The Wild were a bottom-five team in goals-for last season. Their supposed solution to that problem was to trade away their second- and third-leading scorers and to walk away from their other third-leading scorer. Sounds like a recipe for success!
What the Wild did was acquire Devin Setoguchi and noted sniveler Dany Heatley. I suppose those are good additions, and I like Setoguchi a lot. But without much in the way of secondary scoring, the Wild are gonna be in serious trouble offensively. Assuming their top line is Heatley, Setoguchi and Mikko Koivu, they’ve got no production after that. Good luck, bottom nine Wild forwards. You’re gonna need it.
They led the league in goals-for, power play output and had the league’s highest and the fourth-highest scorer. They also had two players score over 40 goals (the only team in the league to boast that). The Canucks didn’t lose any forwards that generated any irreplaceable offensive output. In fact, they now have a healthy Samuelsson and they acquired Marco Sturm, who is absolutely capable of scoring 20 goals, if he stays healthy.
The problem for the Canucks is that they start the year without Selke-winning Ryan Kesler and without Mason Raymond. While Sturm should be an adequate replacement for Raymond (and who knows when Raymond will be back… December? January? May?), the real question is in Cody Hodgson, who appears to have earned the second line center spot in Kesler’s absence. Hodgson has been really good in pre-season, looking solid, steady and assured on the puck. But that was the pre-season.
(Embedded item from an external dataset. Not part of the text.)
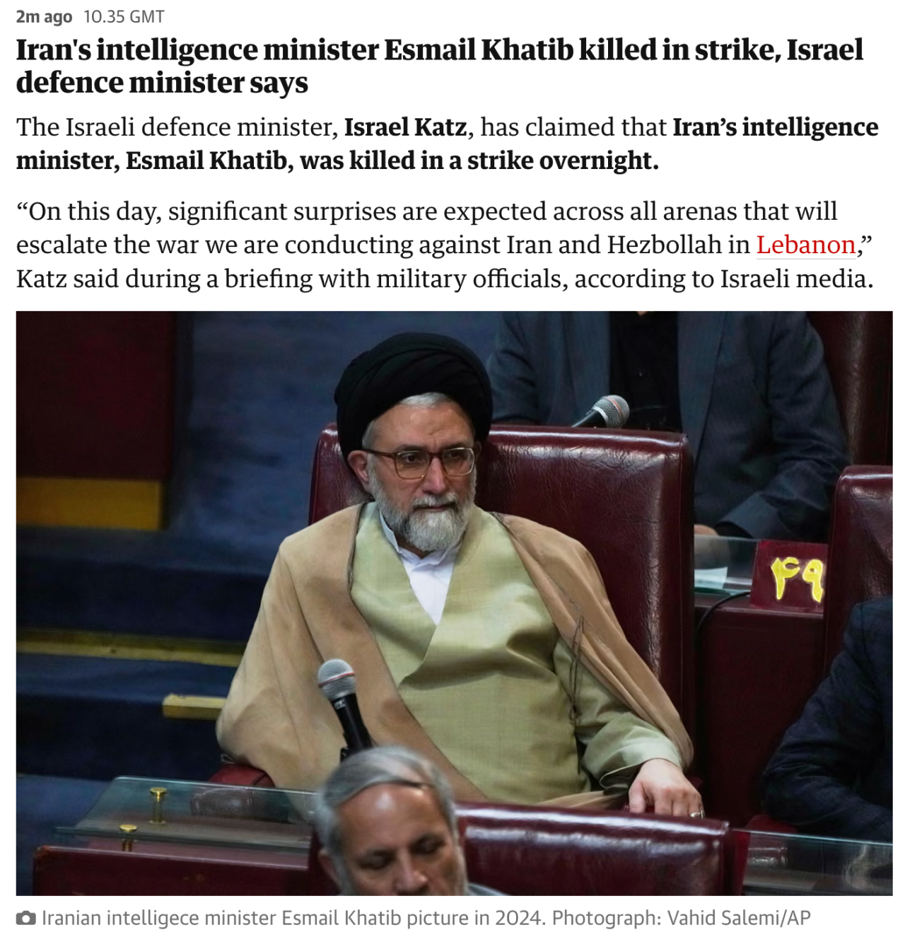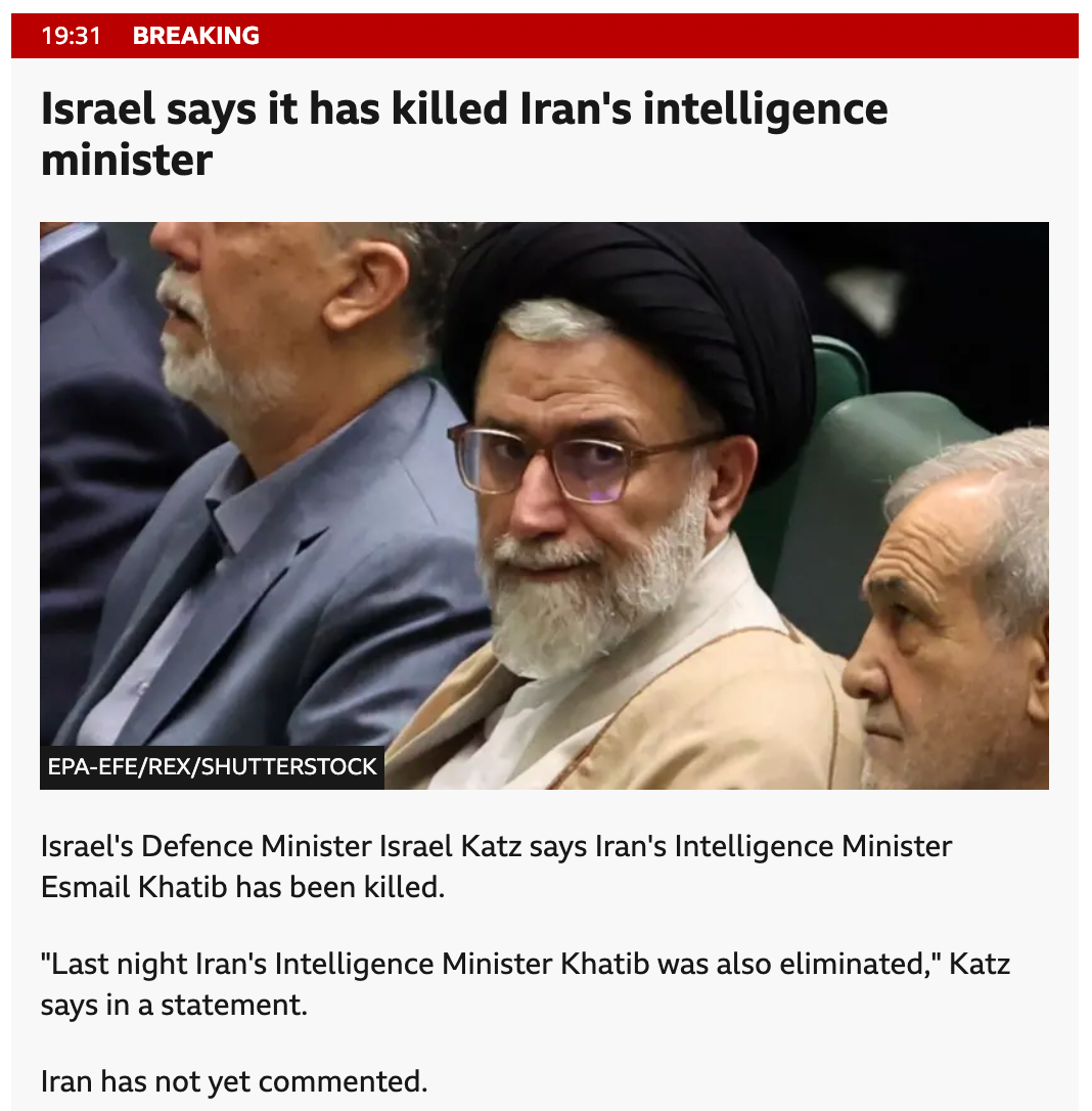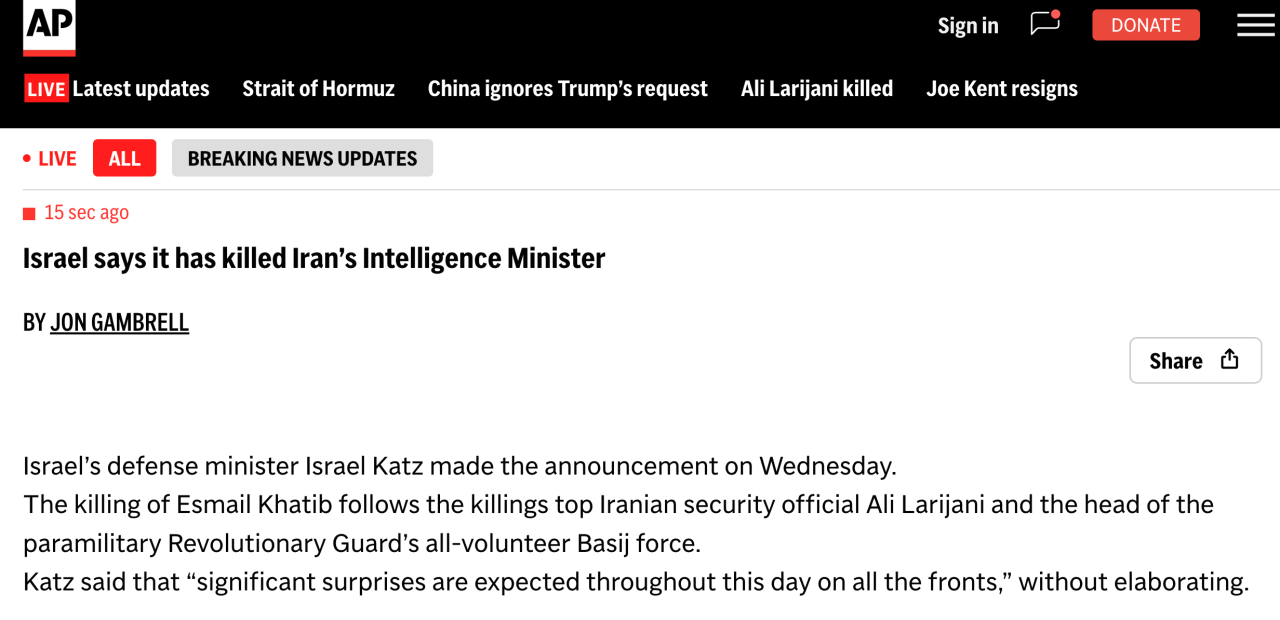 이스라엘 카츠(Israel Katz) 국방부 장관은 수요일, 이란의 정보부 장관 에스마일 카팁(Esmail Khatib)을 사살했다고 발표했습니다. 이번 작전은 이란의 고위 안보 책임자 알리 라리자니와 혁명수비대 산하 바시지 민병대 지휘관이 잇따라 사살된 뒤 이루어진 후속 조치입니다.

Frankly, the success of the Canucks’ start to the season may rest on his shoulders. If Hodgson can translate his pre-season game to the regular season, the Canucks will be poised to get back into the top five in goal scoring again. If it takes Hodgson some time to get adjusted, or if Kesler suffers any setbacks in his return, the Canucks offence will struggle.
The key for the Canucks is weathering the Kesler-less storm. If Hodgson can acquit himself well enough and prove he can play big-league, top-six minutes, then the Canucks will be soaring again on the scoresheet. If I’m a betting man, I’d putting cash on the Canucks putting up a bunch of goals again this year and possibly leading the league for the second straight season.